Look what was waiting for me this morning, my first bocat


----------



## azpredatorhunter (Jul 24, 2012)

Congrats! Nice looking bobcat!


----------



## savage12 (Dec 4, 2013)

nice picture he doesnt look very happy!


----------



## sneakygroundbuzzard (Nov 1, 2012)

Congrats
That's a real nice looking cat


----------



## azpredatorhunter (Jul 24, 2012)

savage12 said:


> he doesnt look very happy!


 He will be smiling ear to ear on the stretcher...Happy Happy Happy


----------



## youngdon (Mar 10, 2010)

Nice Bob ! Congrats ! You'll remember that one !


----------



## Ruger (Jan 22, 2011)

Awesome!!!!!! Congrats!
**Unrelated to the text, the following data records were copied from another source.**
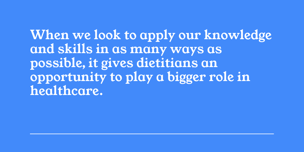 “When we look to apply our knowledge and skills in as many ways as possible, it gives dietitians an opportunity to play a bigger role in healthcare,” Kathy says. “This will only help hospitals better their communities and improve patient care.”
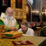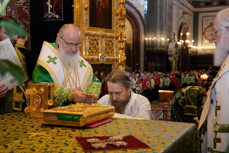 За Литургией Святейший Патриарх Кирилл рукоположил диакона Иоанна Трошина, клирика храма иконы Божией Матери «Знамение» в Аксиньине г. Москвы, во пресвитера.
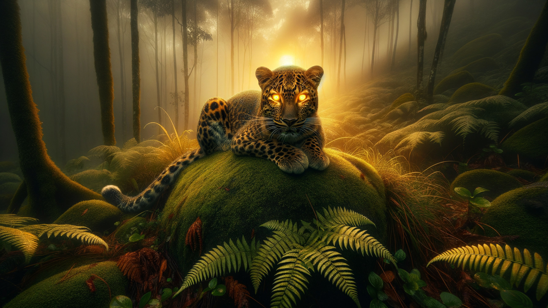 Prompt: A Sri Lankan leopard perched on a mossy rock amid misty highland forest, golden eyes glowing through drifting fog. Dew-laden ferns, soft rainlight, and spectral atmosphere.
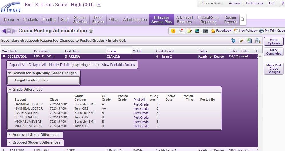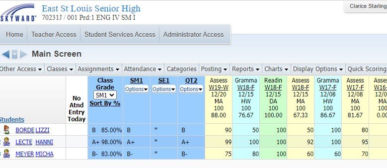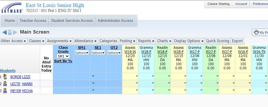 For the purposes of this tutorial, we will use Clarice Starling's 1st Semester English 4 class. She did not enter any grades during the semester and will now need to make updates for SM1 (Semester 1).
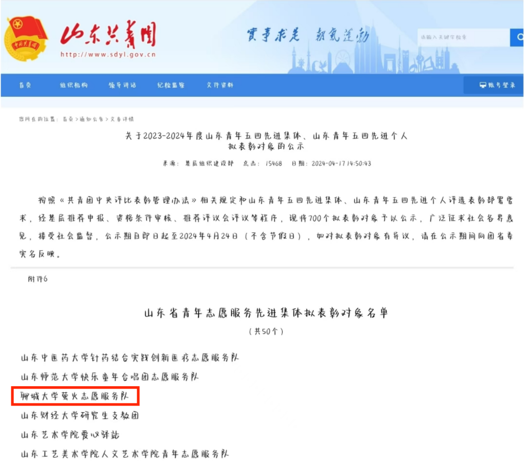 4.9728太阳集团萤火志愿服务队获共青团山东省委授予的山东省青年志愿服务先进集体。
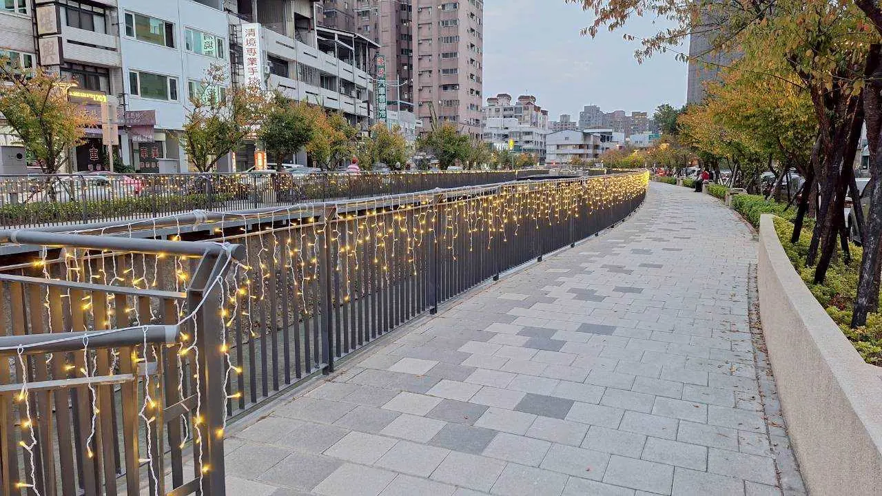 陳局長指出,燈飾布設不僅提升河岸景觀層次,也強化夜間空間辨識度與安全感,讓園道從單純通行功能升級為兼具美感與溫度的都會休閒空間,進一步提升北區整體生活品質與景觀吸引力。
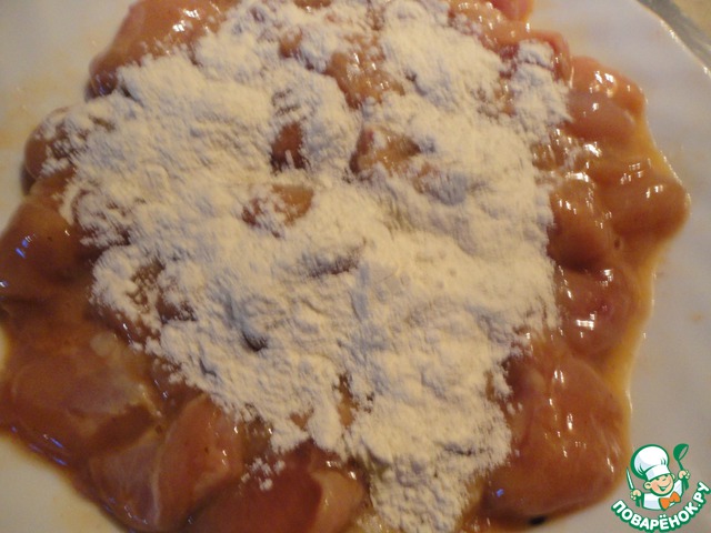 Филе разрезала на относительно одинаковые кусочки, ориентируясь на размер самого маленького.
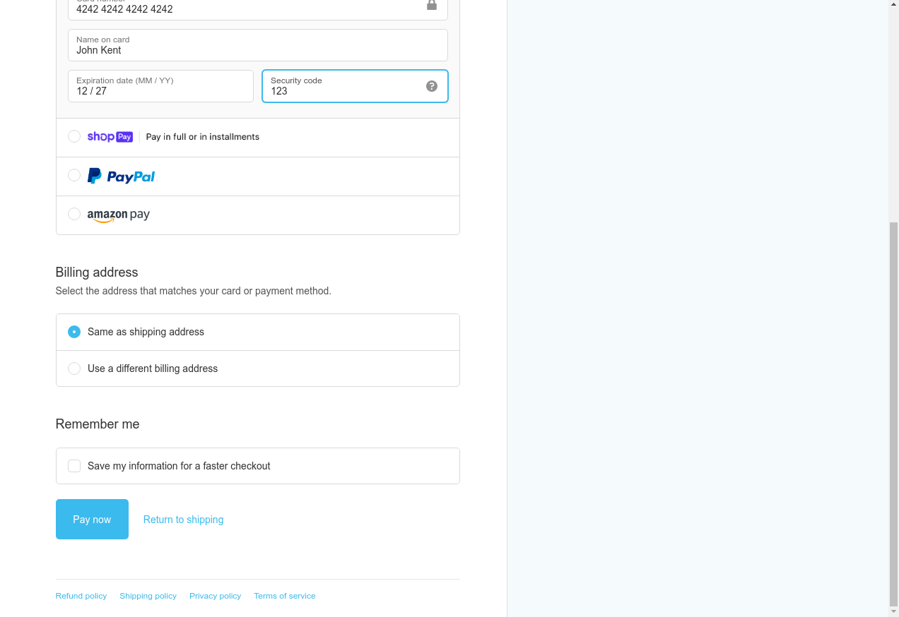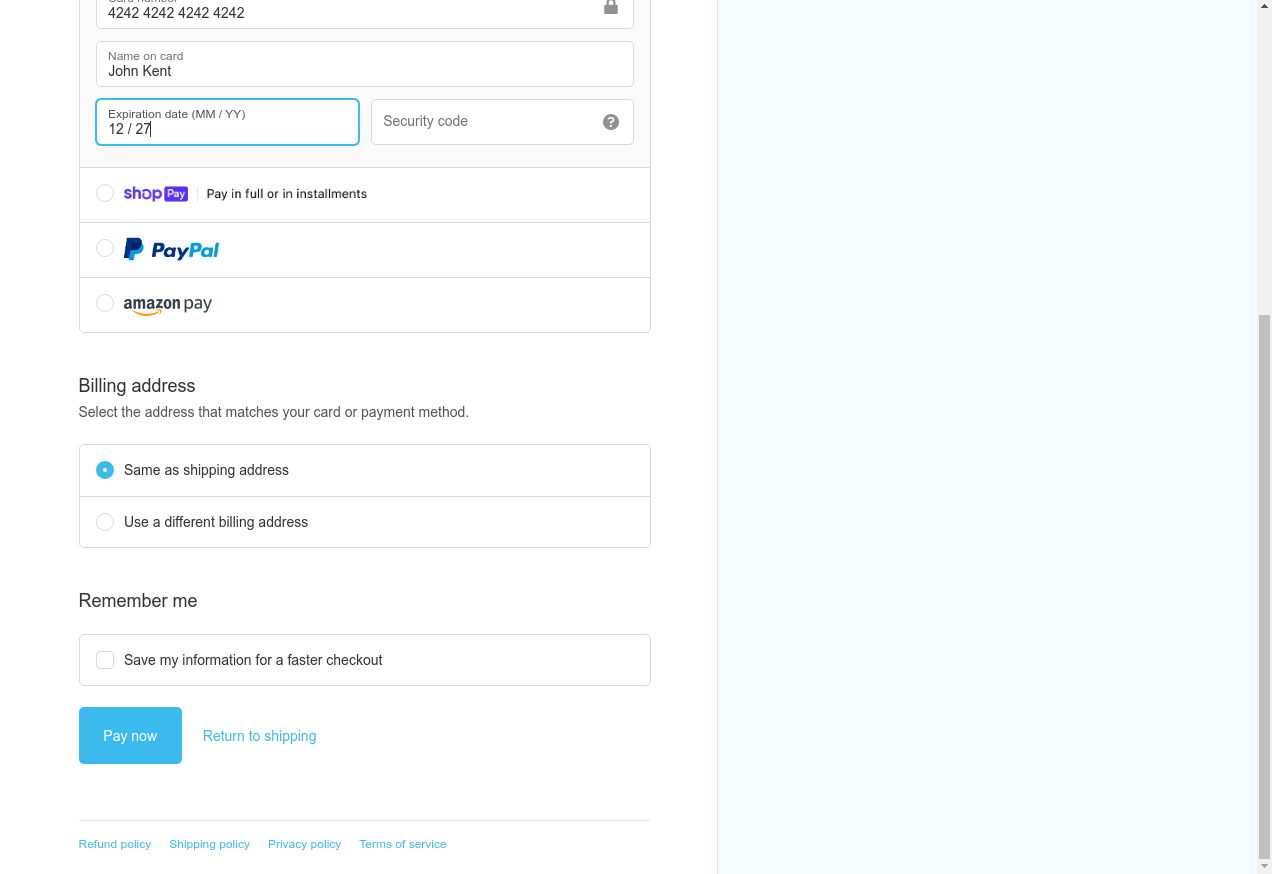 24. I fill "Expiration date (MM / YY)": "12/27"
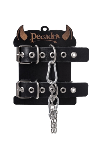 Оковы из одного ремешка от Pecado - отличный помощник, чтобы обездвижить партнера. Материал атрибута – 100% натуральная и прочная кожа. Благодаря полностью ручной работе оковы дарят особую атмосферу ролевым играм. Оковы надежно захватывают щиколотки ног. Не оставляют следов на теле. Пять крепких люверсов на каждом ремешке и замок помогают легко расстёгивать и застегивать девайс. Манжеты оков соединяются между собой металлической цепью, которая легко снимается. С помощью большого кольца и карабинов, возможно соединять к чокеру и другие девайсы. Не ограничивайте себя и свои искушенные фантазии!
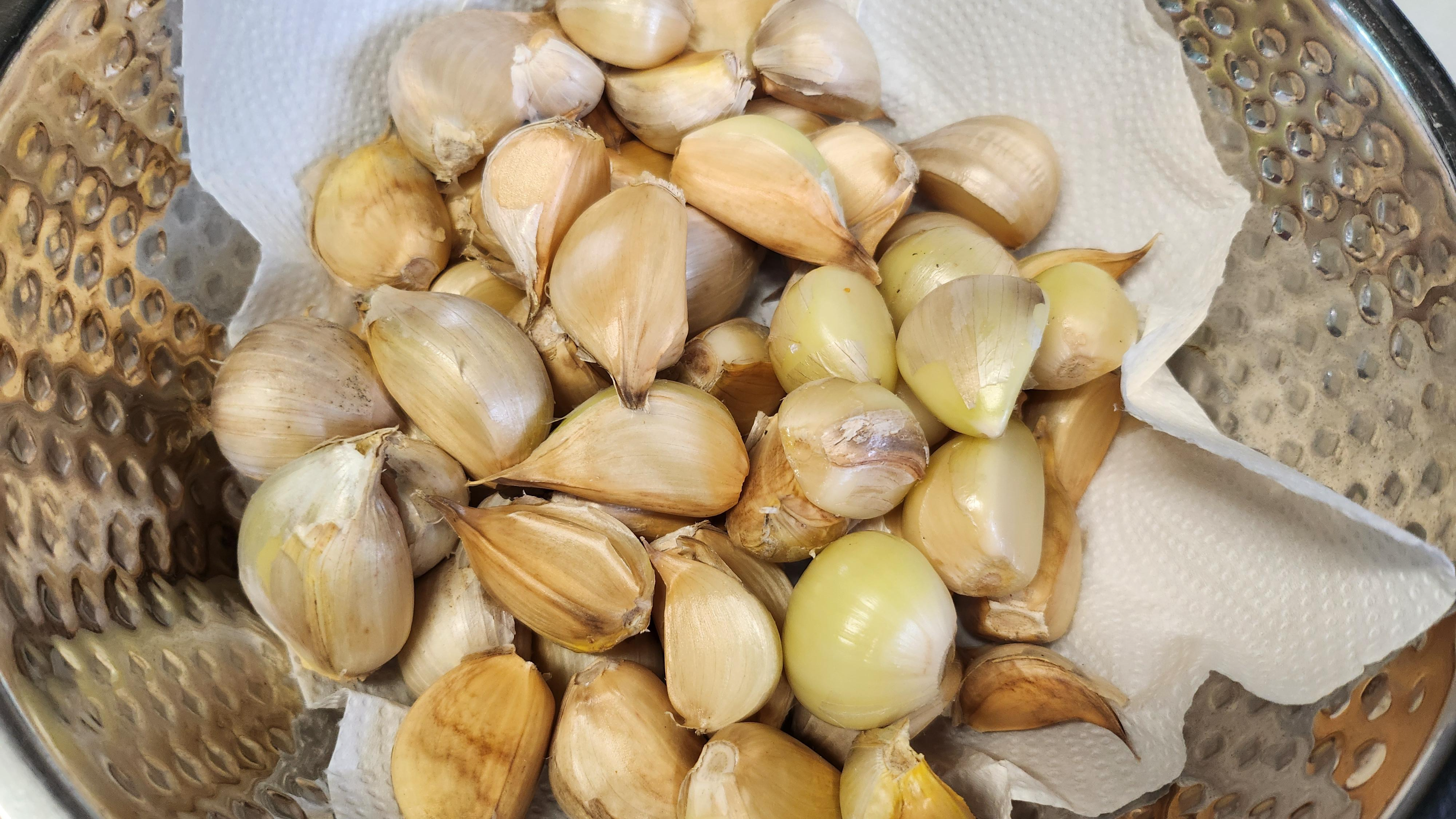 양이 많을 경우에는 신선도를 오래도록 유지하기가 어렵기 때문에 마늘을 한겹정도만 남기고 껍질을 까서 냉장 보관을 하시면 좋습니다.
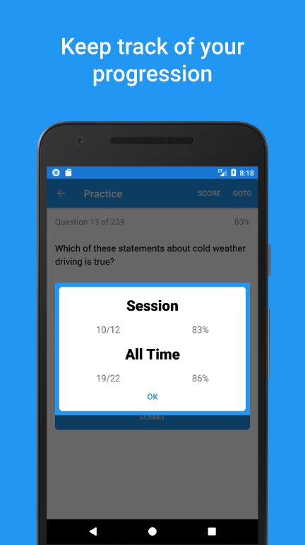 2. Mode examen - 60 minutes pour répondre à 50 questions choisies au hasard, ou 40 minutes pour répondre à 20 à 30 questions sur des sujets d'approbation. À la fin, passez en revue votre score et toutes les réponses incorrectes.

Good looking cat.


----------



## jswift (Dec 24, 2012)

Congrats on the first bobcat--Good Job!


----------



## hassell (Feb 9, 2010)

Congrats. on the cat., thanks for sharing.


----------



## jimmy shutt (Jun 2, 2013)

good catch great pic


----------



## catcapper (Feb 11, 2010)

Nice pussycat hunter3015.

awprint:


----------



## stevec (Jul 9, 2013)

He may not "look" happy but, he just needs a hug!

Congrats!

Steve


----------



## 220swift (Mar 2, 2011)

pretty kitty! congrats on the 1st


----------



## dwtrees (Mar 5, 2012)

Congrats on the nice looking cat. Its a good thing its in a trap because it looks like he will tear you a new one. lol


----------



## NattyB (Jan 5, 2012)

Congrats! Congrats! It's like Christmas morning to find that under your tree.


----------